So we've used Pandas to understand our data and deal with missing values in that data. And we could have actually used that as well to solidify that data if we wanted to, if we had too much data to process at once. while we're experimenting. We then exported that to a NumPy array and used Scikit-Learn's preprocessing module to actually scale that down into a consistent range. Now that our data has been prepared and cleaned, we can actually feed it into an actual machine learning model. I'm not going to get into the details of this, but basically we're using TensorFlow's Keras API to create a neural network that will actually learn from this data and create a neural network that can predict whether a mass that it hasn't seen before might be benign or malignant. Let's go ahead and run that. Don't worry; we'll get into how that works later in the modelling section of the course. It's a lot of fun. And now that we have our model defined here, we can actually wrap that in a Scikit-Learn estimator here.

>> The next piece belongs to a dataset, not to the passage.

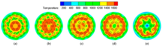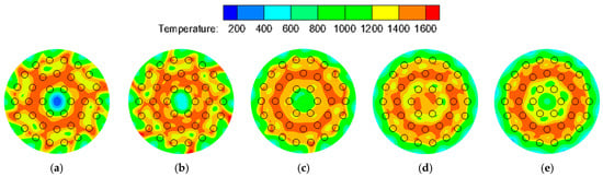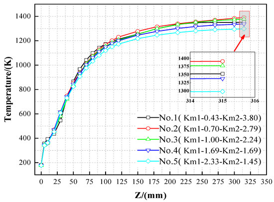 Temperature distributions of z = 210 mm cross-section under different local mixing ratios. (a) No.1 (Km-1 = 0.43, Km-2 = 3.80); (b) No.2 (Km-1 = 0.70, Km-2 = 2.79); (c) No.3 (Km-1 = 1.00, Km-2 = 2.24); (d) No.4 (Km-1 = 1.69, Km-2 = 1.69); and (e) No.5 (Km-1 = 2.33, Km-2 = 1.45).

So just like we have that classifier in the slides from Sci Kitlearn, Keras has a way to actually make a TensorFlow neural network look like a Sci Kitlearn model. So we're using Keras' classifier to do that. Basically, it's going to create a neural network with various parameters. We're going to call that estimator, and then we can call Psychiatlearn's cross-validation score function to actually evaluate that and train it. So what a cross-validation score does is actually randomly separate your data set into training and test data sets multiple times. So multiple times it will actually take the training component there, the training data set, train the model, train the neural network, and take the test data that we held aside and evaluate how well that resulting model can predict the labels on data that it's never seen before. And in this case, we will actually do that ten times and take the average of the results from each different split of training and testing data. So we can go ahead and kick that off. So basically, we're going to split up our data into training and testing sets ten times, train ten different neural networks, and evaluate the results of all ten networks. Obviously, this will take a little bit of time, so we'll wait for that to finish.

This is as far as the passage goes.